International
Tyrone Siu / Reuters

Hong Kong leader to protesters: You have 'zero chance'

Hong Kong's chief executive said protesters had 'lost control', refused to rule out use of force; police remove barriers

Hours after Hong Kong's embattled leader Leung Chun-ying vowed on Sunday to stay in office, warning students demanding his resignation that their pro-democracy movement was out of control, police removed some of the protesters barricades before the Monday morning rush hour.

Officers took away unmanned metal barricades at the edges of the city's Central financial district at 5:30 a.m. Monday.

In response, protest leaders used social media to call for help from supporters to reinforce other barricades. Dozens of protesters locked arms and faced off against officers in a brief standoff at the other end of the protest zone in the Admiralty district.

   Police said they also removed some barricades from another protest zone, across Victoria Harbor in the crowded Mong Kok shopping district. Police said they didn't want to clear the entire protest zone but instead wanted to relieve congestion and reduce the chance of traffic accidents.

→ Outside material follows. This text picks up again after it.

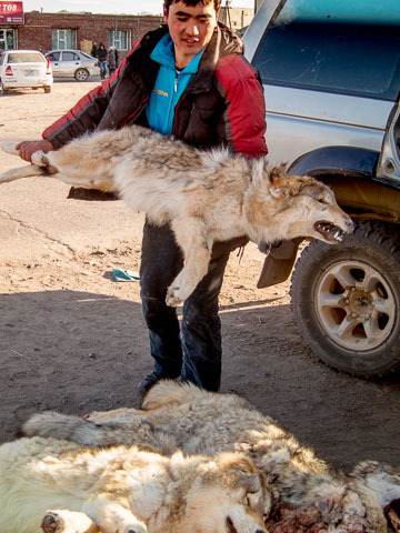 So far, I haven't heard anyone talk about the fact that if you kill enough wolves you will no longer even see them, much less be able to carry them on the hood of your car. In our country's expansion, we have done this with several species, large and small. Mongolia is a large country with roughly one percent of the population of the United States. It has so far avoided our country's bad luck of only being able to learn this lesson in hindsight, by shooting a species to the edge of extinction—or beyond. (Just this side for our bison, the other side for several species of majestic birds.) Especially in the northwest United States, we are still arguing over the role that our wolves will play. In Mongolia, the next precarious species is the snow leopard. I hope they have better luck than our wolves have had.
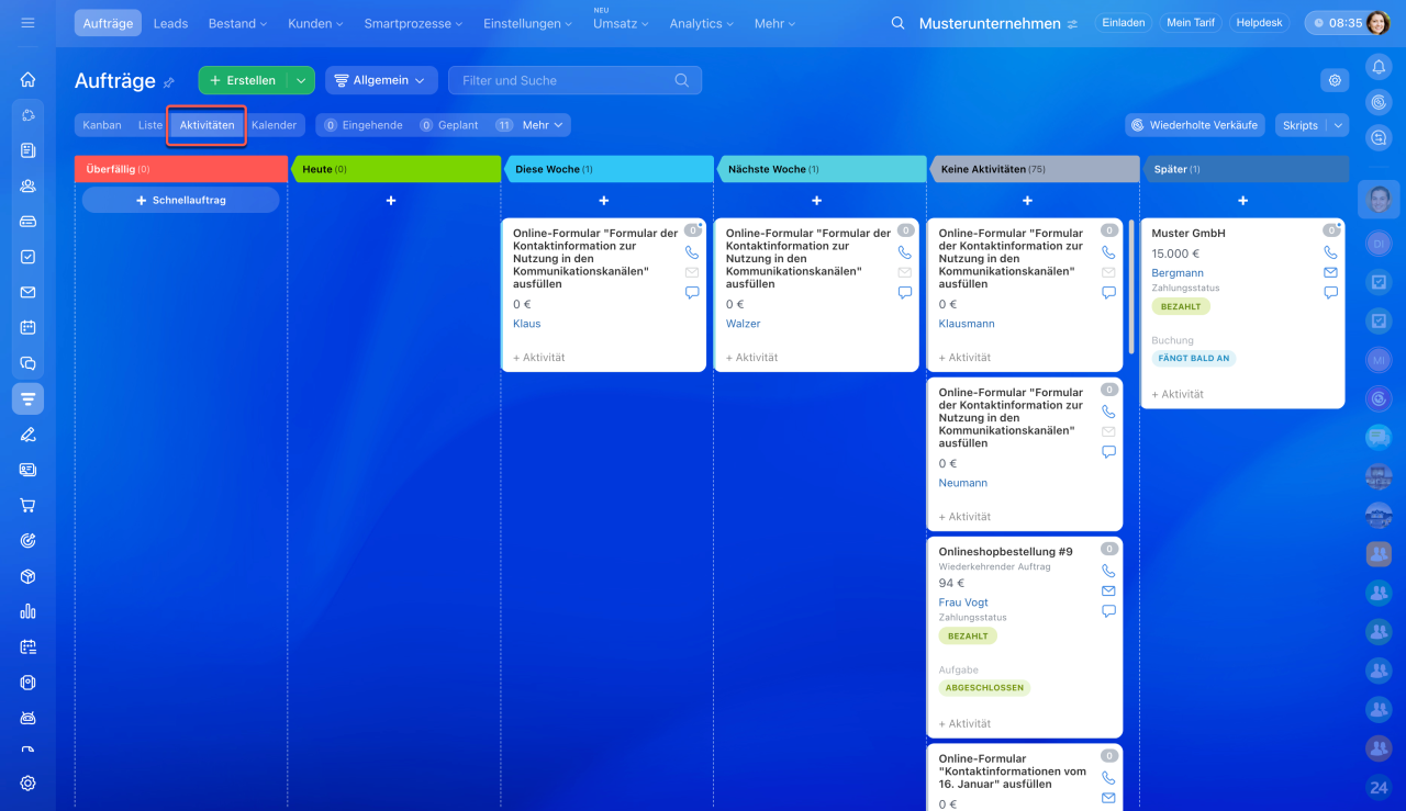 Die Aktivitäten können nach Typ, Frist und anderen Parametern gefiltert werden.

"Today we haven't come to clear the area," a police officer told protesters on local TV. "We just want to clear the barricades blocking the road and take back the government's tools and other property."

Leung said the blockade of key parts of the Asian financial hub, now entering its third week, could not continue indefinitely.

Speaking in an interview with the local TVB television station, Leung said his government would continue to try to talk with student leaders but did not rule out the use of "minimum force" to clear the area.

The last few weeks had "proved that a mass movement is something easy to start, but difficult to stop," he said.

"And no one can direct the direction and pace of this movement. It is now a movement that has lost control."

Leung also said that there was "zero chance" that China's leaders in Beijing would change an August decision limiting democracy in Hong Kong.

Beijing has said that only candidates screened by a nomination committee will be able to contest a city-wide vote to choose the next chief executive in 2017. The protesters say this violates the city's Basic Law, the Hong Kong constitution that promises that the city's leader be selected by "universal suffrage upon nomination by a broadly representative nominating committee in accordance with democratic procedures."

The former British colony was promised that its freedoms would be protected under a "one country, two systems" formula, when Britain handed its old colony back to China 17 years ago.

The official People's Daily in Beijing described the so-called Occupy Central movement as "unrest" in a front-page editorial published on Saturday — language some analysts said reflected the growing unease among China's leaders.

Leung's comments came as the protest center outside government head offices in Admiralty took on the feel of a festival campsite in a canyon of skyscrapers.

"In here, it is like a piece of green land," said Maggie Cheung, a 27-year-old kindergarten teacher, who added that she would leave to start work tomorrow.

"People are caring and we are sharing the same goal — we fight for a better future. It is like utopia here."

Numbers dropped significantly last week, rising again on Friday night as 10,000 people turned out to hear protest leaders urge the public to prepare for a protracted struggle.

Some 200 tents now line Gloucester and Harcourt roads on what had been one of Hong Kong's busiest thoroughfares leading to the Central financial district.

Hundreds of protesters, young and old, slept overnight in what some protesters described as the most peaceful, relaxed night yet. Some strummed guitars between speeches, others played cards or read.

Some students studied in a makeshift classroom, complete with desks and power sockets set up on the highway.

Many family groups visited the site on Sunday, taking advantage of balmy autumn conditions.

Not everyone was happy with the carnival atmosphere. Construction workers and a drivers' union challenged the students to end their protests, and warning them to dismantle the barricades as it was effecting their work.

"Democracy is very important but people's livelihoods are also very important," said Chan Tak-keung, one of a group of angry taxi drivers who shouted at the students in Admiralty.